L’Euribor, il parametro più usato per indicizzare i mutui, è sommerso da critiche spesso “qualunquistiche“, e così le banche, che sono così restie a cambiarlo. Anch’esse d’altronde corrono i loro bei rischi: un po’ come il vostro fruttivendolo di fiducia…

Ormai si ragiona un tanto al chilo quando si affronta il tema dei tassi di interesse e dei mutui. Un articolato pezzo su Repubblica.it riassume diversi aspetti del dibattito su quale tasso usare per indicizzare i mutui; lo prendo come spunto per affrontare l’argomento, prima per fare qualche puntualizzazione e poi per ragionare sull’indicizzazione al tasso ufficiale BCE.

COME IL FRUTTIVENDOLO – Ci si lamenta che l’Euribor a tre mesi (il più usato) sia un po’ lento a scendere, ma questo è un punto di vista da esplicitare e non un fatto, perché se si guarda il picco raggiunto prima del famoso taglio concertato tra Banche Centrali, dopo il quale il Refi è sceso di 100bp, l’Euribor tre mesi è sceso ad oggi di 120bp (ben più di quanto io personalmente mi aspettassi); certo, rispetto ai minimi di ottobre 2007 l’Euribor è sotto di solo una quarantina di basis point, ma se non siamo ingenui dobbiamo capire che lo stato del mercato si evolve ormai di settimana in settimana e i confronti devono esser ben contestualizzati (cioè, questo confronto non ha senso).
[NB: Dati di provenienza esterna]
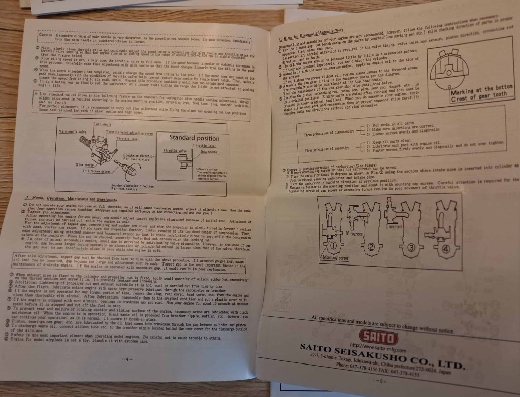 Dzień dobry, Drodzy Koledzy - z uwagi na nadmiar modeli latających RC w moim hangarze (zasób ponad 20 szt.) i niedostatek miejsca, oferuję do nabycia model dolnopłata: VQ MARACANA 40 LOW WING Trainer 160cm z silnikiem Saito FA-62B - z pełnym wyposażeniem, bez odbiornika - w cenie 1666 zł zł. Koszt zakupu nowego modelu i nowego silnika wraz z z nowymi elementami wyposażenia i materiałami montażowymi to ok. 2776 zł - bez koszów robocizny! Oferuję nowy, zmontowany - w pełni wyposażony i gotowy do lotu model z nowym: silnikiem, śmigłem, kołpakiem, układem paliwowym (armaturą zbiornika), nowymi serwomechanizmami, nowym akumulatorem zasilającym i nowym wyłącznikiem - w cenie stanowiącej 60% kosztów! Stan modelu - dokładnie jak na zdjęciach i w poniższym opisie (pkt. 1. - 12.)! Odbiór modelu - na miejscu w Jaśle (w mieszkaniu, względnie na naszym Lądowisku IKAR Jasło, gdzie istnieje możliwość uruchomienia silnika, sprawdzenia układu sterowania i kołowania - przy sprzyjającej pogodzie). Nowy silnik Saito FA-62B ze śmigłem APC 12X6" i kołpakiem z podstawą duralową zainstalowałem bezpośrednio w modelu - w celu wstępnego dotarcia na ziemi i wykonania oblotu. Wstępne dotarcie silnika (zgodnie z zaleceniami producenta SAITO w instrukcji) i kilkuminutowy oblot z użyciem paliwa: Optimix 12 – 12% nitro 4-Stroke / 20% KLOTZ przebiegły wzorcowo (paliwo o składzie: Metanol: 68%, Nitrometan: 12%, Olej syntetyczny KLOTZ: 20% - mieszanka paliwa do 4-suwów zawierająca 12% nitrometanu i 20% w pełni syntetycznego oleju Klotz, paliwo przeznaczone do silników samolotowych, śmigłowcowych i łodzi). Silnik uruchamia się błyskawicznie i pracuje nienagannie, model jest prawidłowo wyważony i zachowuje się w locie znakomicie! Obecnie model jest w pełni gotowy do lotów. Do eksploatacji sugeruję nadal to paliwo, także po zupełnym dotarciu silnika KOSZTORYS w [ZŁ] - bez kosztów robocizny: 1. Model VQ MARACANA (klasa 46 EP-GP) ARF - VQ-Models - 895,94 zł https://modele.sklep.pl/samolot-maracana-klasa-46-ep-gp-arf-vq-models-p-45502.html 2. Klej CA JOKER rzadki 20g (nakrętka z igłą) - 5,50 zł https://nastik.pl/produkt/klej-ca-joker-rzadki-20g-nakretka-z-igla/ 3. Żywica epoksydowa 30-min. KAVAN 100g - 39,90 zł https://nastik.pl/produkt/zywica-epoxydowa-30-min-kavan-100g/ 4. Silnik SAITO FA-62B - 1229,99 zł https://nastik.pl/produkt/saito-fa-62b/ 5. Śmigło APC 12x6" 22,99 zł https://modelemax.pl/pl/130-smigla-apc?page=4 6. KOŁPAK Z PODSTAWĄ ALU 63 mm CZERWONY - 49,99 zł https://modelemax.pl/pl/podstawa-aluminium/8689-kolpak-z-podstawa-alu-63-mm-czerwony [kołpak plastikowy z zestawu dołączam] 7. WĘŻYK DO PALIWA 2,5/5 mm / 1mb Q-model (286-C) - 6,99 zł https://modelemax.pl/pl/wezyki-opaski-zaciski-metanol/33082-wezyk-do-paliwa-25-5-mm-1mb-q-model-286-c 8. Filtr paliwa KAVAN - 4,95 https://nastik.pl/produkt/filtr-paliwa-kavan/ 9. Serwomechanizm DDELUXE HITEC HS-322HD (gaz, lotki 2x, ster wysokości, ster kierunku) - 74,90 x 5 szt. = 374,50 zł https://nastik.pl/produkt/hitec-hs-322hd/ 10. Pakiet zasilający ENELOOP 4,8V/2000mAh NIMH RX SANYO (KAV33.1051404) płaski - 101,99 https://modelemax.pl/pl/pakiety-nimh-nicd/15415-eneloop-48v-2000mah-nimh-rx-sanyo-kav331051404-plaski 11. PRZEDŁUŻACZ DO SERW FUTABA 30 cm / skrętka (2001) [do serwa lotek] - 3,99 x 2 szt. = 7,98 zł https://modelemax.pl/pl/przedluzacze/16852-przedluzacz-do-serw-futaba-30-cm-skretka-2001 12. FUTABA WŁĄCZNIK SSW-J PROFI (0626) z kablem do ładowania - 35,99 https://modelemax.pl/pl/wlaczniki/32594-futaba-wlacznik-ssw-j-profi-0626-z-kablem-do-ladowania =============================================================================================================================================================================== Razem koszt zakupu: 895,94 + 5,50 + 39,90 + 1229,99 + 22,99 + 49,99 + 6,99 + 4,95 + 374,50 + 101,99 + 7,98 + 35,99 = 2776,71 zł Wykonane prace montażowe i instalacyjne - zabudowa elementów: prasowanie poszycia foliowego; nałożenie - przy użyciu roztworu "30 minutowej" żywicy epoksydowej 2-składnikowej ze spirytusem - powłoki gruntującej i ochronnej, wzmacniającej konstrukcję i odpornej na paliwo metanolowe - na dostępnej powierzchni wewnętrznej kadłuba; sklejenie obu połówek płata żywicą, zainstalowanie napędów orczykowych na lotkach, zainstalowanie serwomechanizmów napędu lotek, wyregulowanie i skonfigurowanie napędu lotek; prace przygotowawcze przy kadłubie do montażu usterzenia - wklejenie statecznika poziomego i pionowego, zainstalowanie serwomechanizmów oraz napędów orczykowych steru wysokości/głębokości i kierunku w kadłubie - wyregulowanie i skonfigurowanie sterowania; wykonanie mocowania łoża silnika do grodzi, wywiercenie otworów w łożu silnika, zainstalowanie silnika z przedłużką regulacji iglicy gaźnika; poszerzenie otworów w kołpaku pod śmigło; zainstalowanie wyłącznika z gniazdem ładowania; zainstalowanie serwomechanizmu gazu wraz z wykonanym orczykiem napędowym gazu i popychaczem na snapach kulowych, wycięcie otworu w grodzi pod popychacz gazu, wyregulowanie sterowania; zamontowanie goleni podwozia podwozia głównego i przedniego, zamontowanie kół podwozia, kółka przedniego; wykonanie sprzęgu kółka przedniego ze sterem kierunku, wykonanie instalacji w zbiorniku paliwa, dopasowanie i zainstalowanie rurek w zbiorniku, zamknięcie i próba szczelności zbiornika paliwa, poziomowanie zbiornika w linii instalacji paliwowej - wykonanie otworu w pokrywie zbiornika i dopasowanie pokrywy, zabudowa zbiornika wraz z instalacją paliwową; ulokowanie akumulatora zasilającego w centropłacie na rzepach. Z pozdrowieniami Adam Langer / Jasło [członek Jasielskiego Stowarzyszenia Lotniczego IKAR im. Leszka Preisnera, emerytowany nauczyciel języka niemieckiego] e-mail: germanad@mm.pl tel.: 662063107 VQ_Models_MARACANA_Instruction_guide.pdf
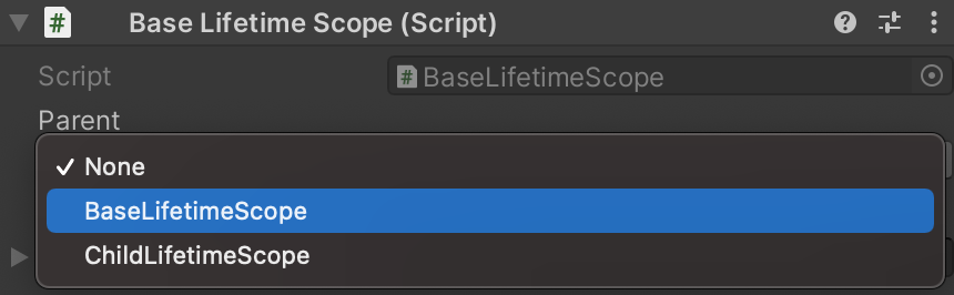 parent = lifetimeScope; // Inject the LifetimeScope to which this class belongs
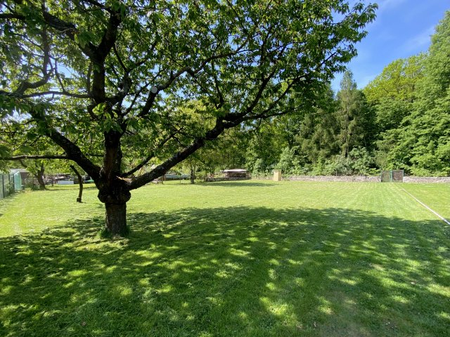 - Prosím, nevstupujte na sousední pozemek (napravo od branky do lesa při pohledu směrem na les). Není oddělen plotem a prostor se tak zdá jako jedna velká zahrada, k vaší rekreaci je určena pouze levá část při pohledu k lesu.
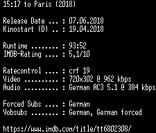 | FiLENAME: | 15.17.to.Paris.German.2018.AC3.BDRip.x264-COiNCiDENCE.mkv |
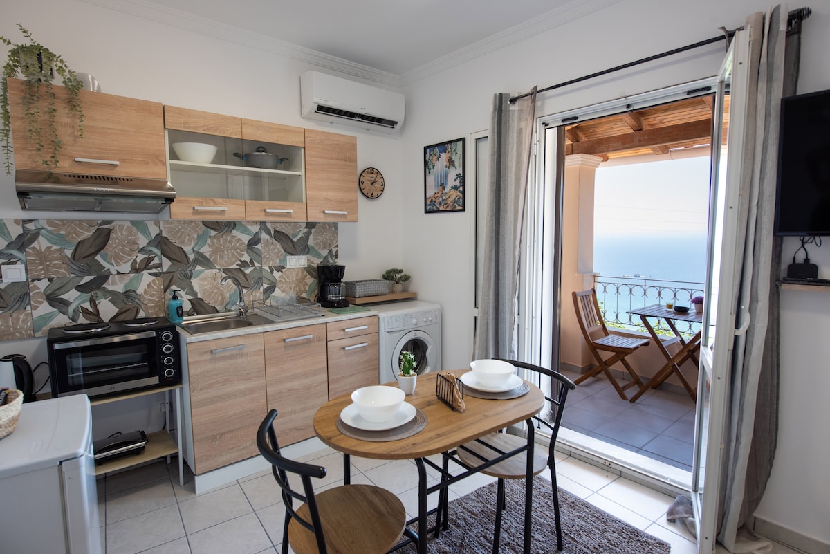 Unsere komplett renovierte Wohnung im modernen Stil mit ihrem kleinen Hof liegt über einem der schönsten Strände der Insel Korfu. Ideal für Paare, die eine tolle Zeit in einer tollen Gegend suchen. Die voll ausgestattete moderne offene Küche ermöglicht es dir, zu kochen und deine Mahlzeiten mit Blick auf das Meer zu genießen. Komfortables Sofa, großer LCD-Smart-Flachbildschirm und Kabel-Sat-TV, Klimaanlage, Sofa, Cocomat-Doppelbett. Duschbad. Starling-Satelliten-WLAN ist ebenfalls in der Wohnung installiert!
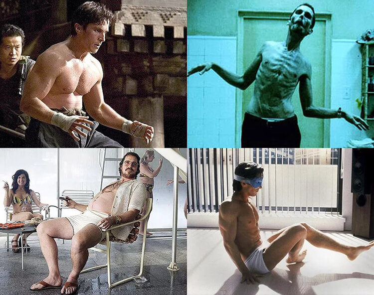 Но то, что творил со своим телом знаменитый актер Кристиан Бэйл, не поддаётся никакой логике, перед его изменениями все что я написал сверху про изменения-просто блекнут. Его можно назвать рекордсменом по трансформации для фильмов. Актер худел до изнеможения, набирал лишний вес, а затем красовался грудой стальных мышц, и так по кругу. Для одной из последних ролей Кристиану пришлось набрать около 30 килограммов.
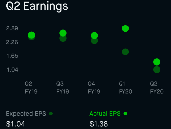 Robinhood 앱에서는 분기별 예상 EPS (Expected EPS)와 실제 EPS (actual EPS)를 제공합니다. 가끔은 EPS가 계산되지 않은 회사도 있습니다. 이러한 회사는 현재 수익이 나지 않고 있으며 투자를 하고 있는 회사들이 주로 해당됩니다.
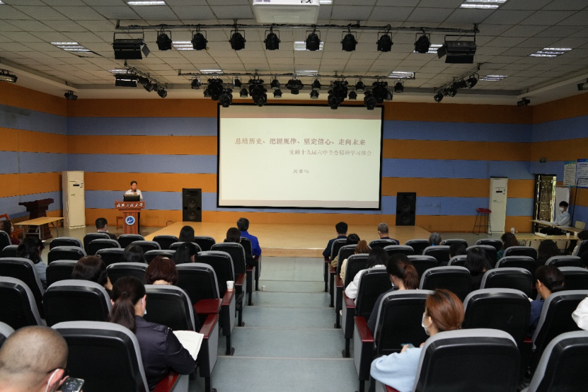 本网讯(通讯员 顾泽文)为深入学习贯彻党的十九届六中全会精神,进一步引导师生深刻领会全会精神的丰富内涵与核心要义,5月19日下午,校党委常委、统战部部长、科学技术发展院院长吴云韬在文科楼313报告厅以《总结历史、把握规律、坚定信心、走向未来》为题,为外语学院、体育部教职工宣讲党的十九届六中全会精神,党委宣传部副部长赵小硕和外语学院、体育部领导班子成员参加宣讲会,会议由外语学院党委书记王火利主持。
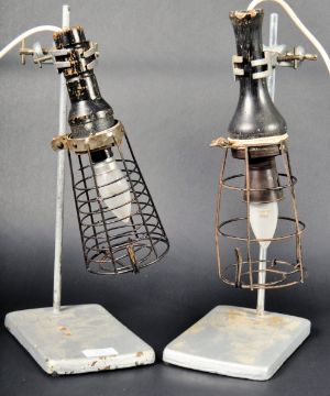A pair of retro vintage mid 20th Century industrial inspection lamp lights with each having ebonised wood handles with black painted cages. Each raised and supported on scientific lab / laboratory stands by Gallenkamp. Each measures approx; 42cm x 20cm x 13cm.
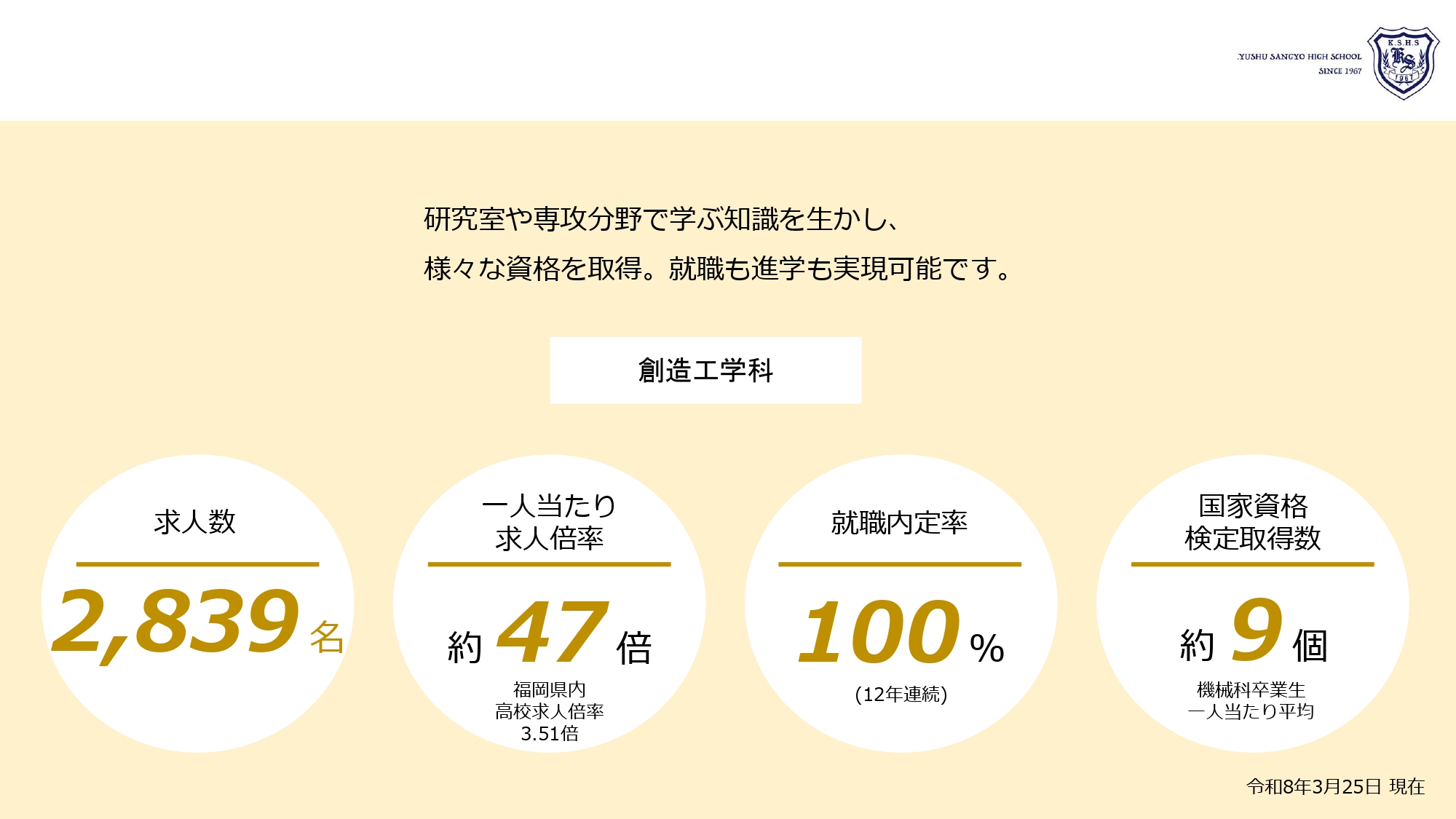 本校では学年をあげて企業を訪問し、求人への働きかけを行っています。本校は「資格の九産」と言われるように各種多数の資格を取得することが特徴であり、この資格を最大限に活かした就職支援を行います。また、面接を含めた作文・筆記試験の指導を個別に行うとともに多様化する就職システムに対応した指導を実施。3年次の就職指導に限らず、高校3年間を通して社会で通用する人間性と将来に対する展望を持つ教育を行っています。
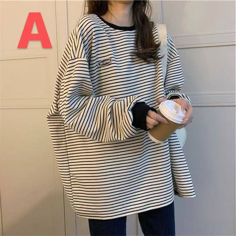 ロングシャツ レディース 大きいサイズ ボーダー柄 ボーダーシャツ 春秋 秋服 春服 長袖 薄手 丸首 トップス ゆったり 可愛い カジュアル 245

I mutuatari si lamentano che comunque la rata è scesa poco, ma dovrebbero ricordare che la rata è indicizzata a una media mensile, quindi la discesa dei tassi partita quasi a metà ottobre si farà sentire del tutto nella media di novembre e poi nella rata di dicembre. Se poi si vuol piangere per intenerire lo Stato, si faccia pure. Le banche indicizzano all’Euribor perché raccolgono fondi per lo più sull’interbancario, e così come il fruttivendolo si basa sul prezzo dei cocomeri all’ingrosso per fare il proprio prezzo di vendita, così le banche indicizzano i propri “cocomeri“. Non tutte le banche possono prendere soldi (una volta al mese) dalla BCE al tasso Refi, inoltre le stesse non possono approvvigionarsi neppure nelle aste settimanali al Refi+0,50%; questo canale è aperto ai soli primary dealer che poi “rivendono” alle banche del gruppo con spread che si avviano ad un bell’1%! Si capisce come il grosso delle banche abbia “problemi” a traslare i tagli del Refi nel tasso finale al cliente, e a meno che non si voglia un mercato fatto solo di due o tre mega-istituti che siano anche primary dealer si dovrebbero evitare certi semplicistici attacchi.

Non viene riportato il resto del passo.